With original Kew Observatory Certificate dated 14 September 1906 confirming that the watch obtained a Class A "especially good" rating with a mark of 90.8 points. This Certificate was later cancelled and replaced by The National Physical Laboratory Rating Department Certificate dated 21 May 1946 stating that the watch was tested again from 2 April to 16 May 1946. This latter replacement Certificate as well as a set of copies from The National Physical Laboratory with rating results of the watch are also delivered with this lot. Furthermore with Charles Frodsham & Co. Ltd. Certificate of Origin dated 1 March 2011, confirming that the present tourbillon with movement supplied by Nicole Nielsen & Co. and Kew A Certificate was entered in the firm's 1906 stock.
Between 1899 and 1928 Charles Frodsham submitted over 40 tourbillons to Kew for testing, including many of the celebrated minute repeating split-second chronograph tourbillon watches made especially for John Pierpoint Morgan as presentation pieces to new partners in the firm of J.P. Morgan.
Charles Frodsham (1810-1871) was a leading manufacturer of high-quality clocks, watches and chronometers and the last active member of a family that had played a prominent role in London clockmaking since the late 18th century. In 1840, he became a partner of John Roger Arnold who inherited his famous father's business.
At the Great Exhibition of 1851 in London, Frodsham exhibited a three quarter plate calibre signed with the letters "AD. FMSZ", a cryptogram for the year 1850. The code is formed by the numerical sequence of the letters in "Frodsham," with a "Z" for zero. The firm subsequently used the code for its most important timepieces.
The movement of the present watch was supplied by Nicole Nielsen, who, towards the end of the Victorian era and for the first 30 years of the 20th century, crafted some of the finest and most complicated English watches ever made.
In 1839 Adolphe Nicole and Jules Capt, both talented Swiss watchmakers, set up business in London at 80B Dean Street.
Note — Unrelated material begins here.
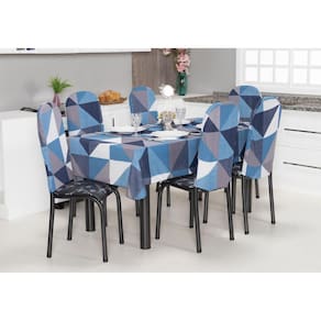 Kit 6 Capas Encosto de Cadeira de Ferro Tubular Cozinha e Jantar Malha Helanca Estampada Cor: 26 geométrico azul As capas de cadeira chegaram pra ficar, pois além de proteger suas cadeiras, mantendo limpas e novas por mais tempo, te permitem mudar a decoração sempre que quiser, graças a grande variedade de cores e estampas disponíveis. A malha gel é resistente, leve e maleável, fácil de lavar, seca rápido e é muito fácil de vestir.
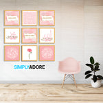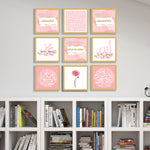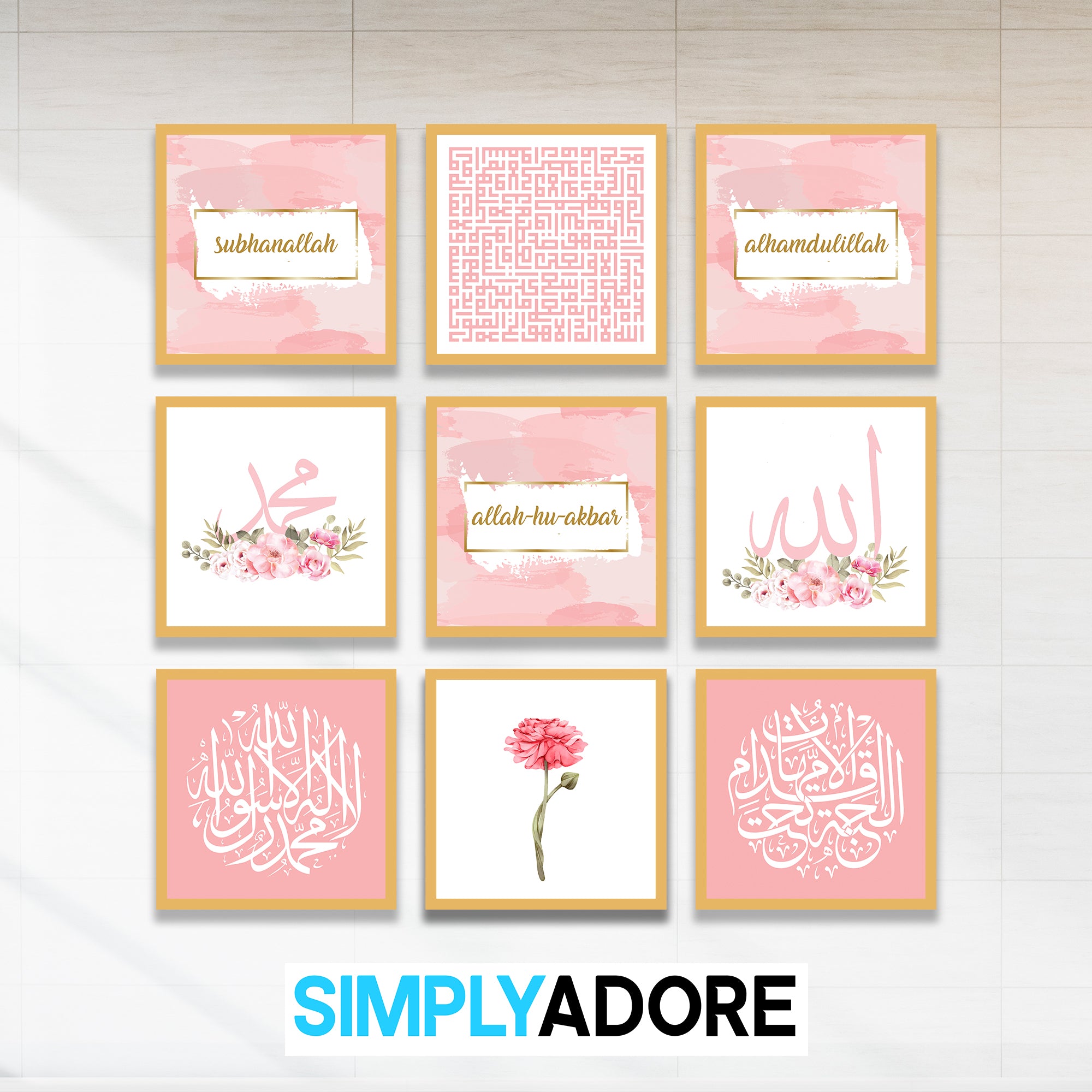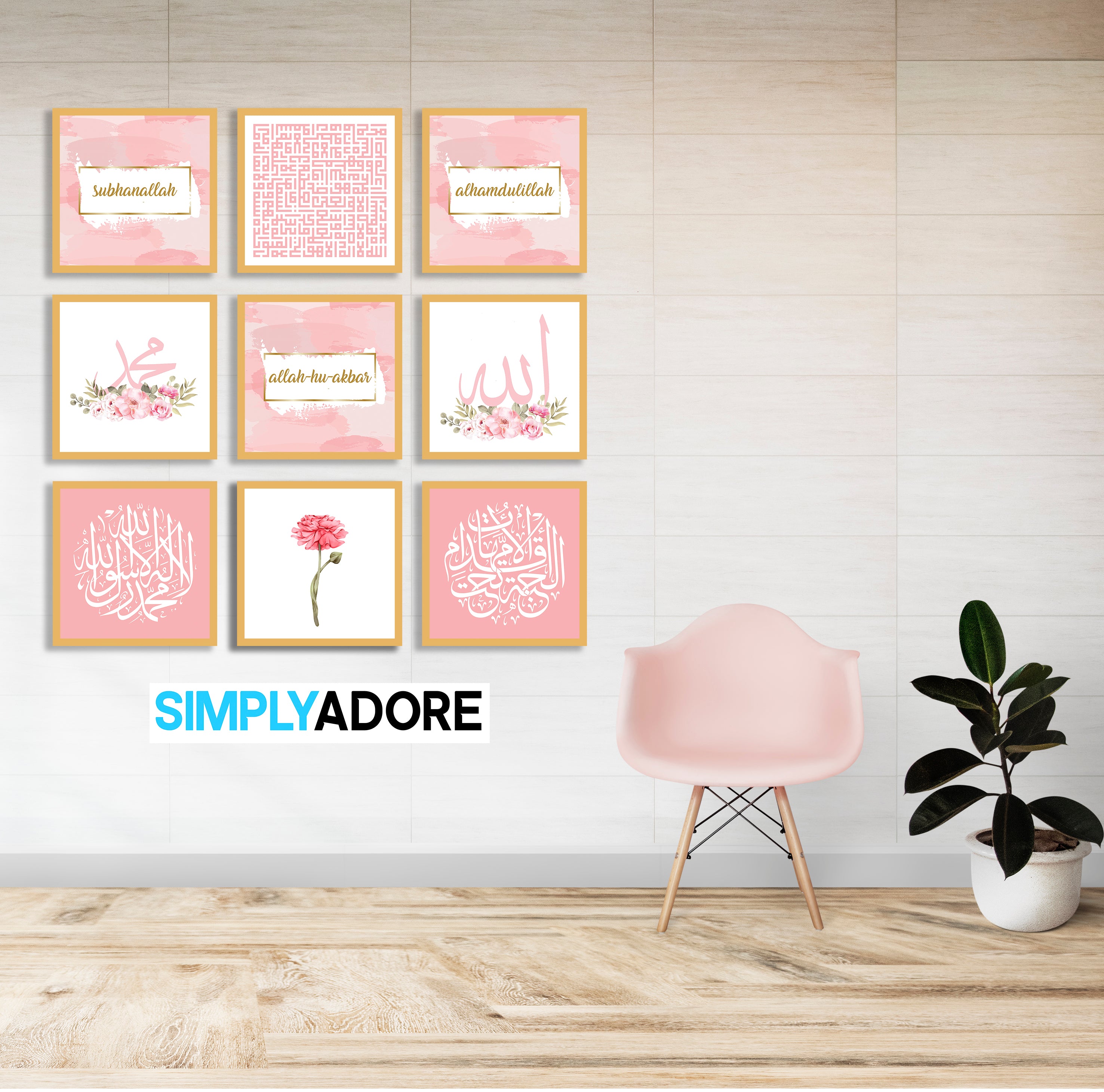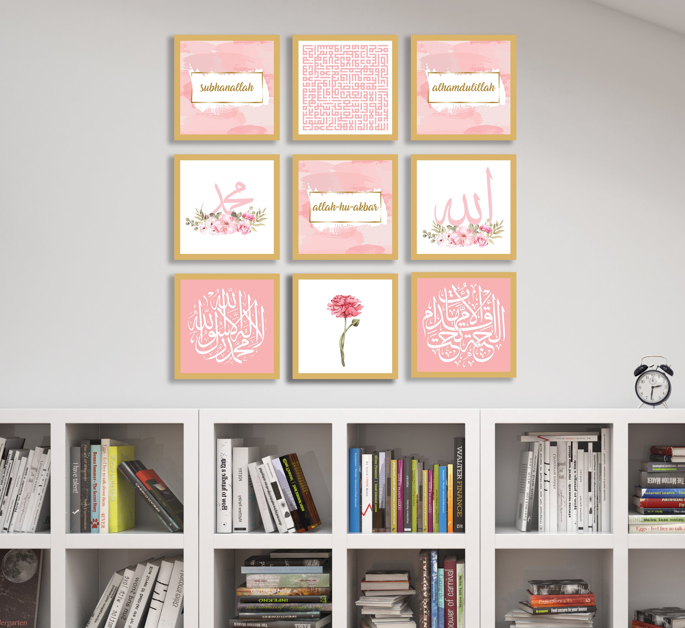 Set of 9 Pink Gallery Tasbeeh & Arabic Calligraphy Islamic Wall Art Prints

The firm later moved to 14 Soho Square where it remained until the company finally closed in 1934. Nicole & Capt were highly successful and won medals in many international exhibitions such as Paris in 1855 and 1867, Philadelphia in 1878 and Sydney in 1879. In 1876 Jules Capt died and in the same year his place as partner was filled by the Danish-born watchmaker Sophus Emil Nielsen and the company became Nicole, Nielsen & Co. By 1880 the company was being run by Nielsen. They specialised in making super-complicated keyless watches often incorporating specifications such as perpetual calendar, chronograph, split seconds chronograph, repetition, temperature, equation of time and their most famous escapement; the Nicole Nielsen tourbillon. Invented by Breguet (1747-1823), the tourbillon is an escapement that revolves so that the balance pallets and escape wheel move through all the vertical positions in a given time period, usually once every minute. Delicate, expensive and fascinating to observe the tourbillon was Nicole, Nielsen's specialty. The Company designed their own tourbillon carriage, instantly recognisable and revered by collectors.
Many of their best watches were made for top retailers such as Smith & Sons, founded circa 1851, one of London's leading firms for high quality and complicated watches at the end of the 19th and beginning of the 20th century.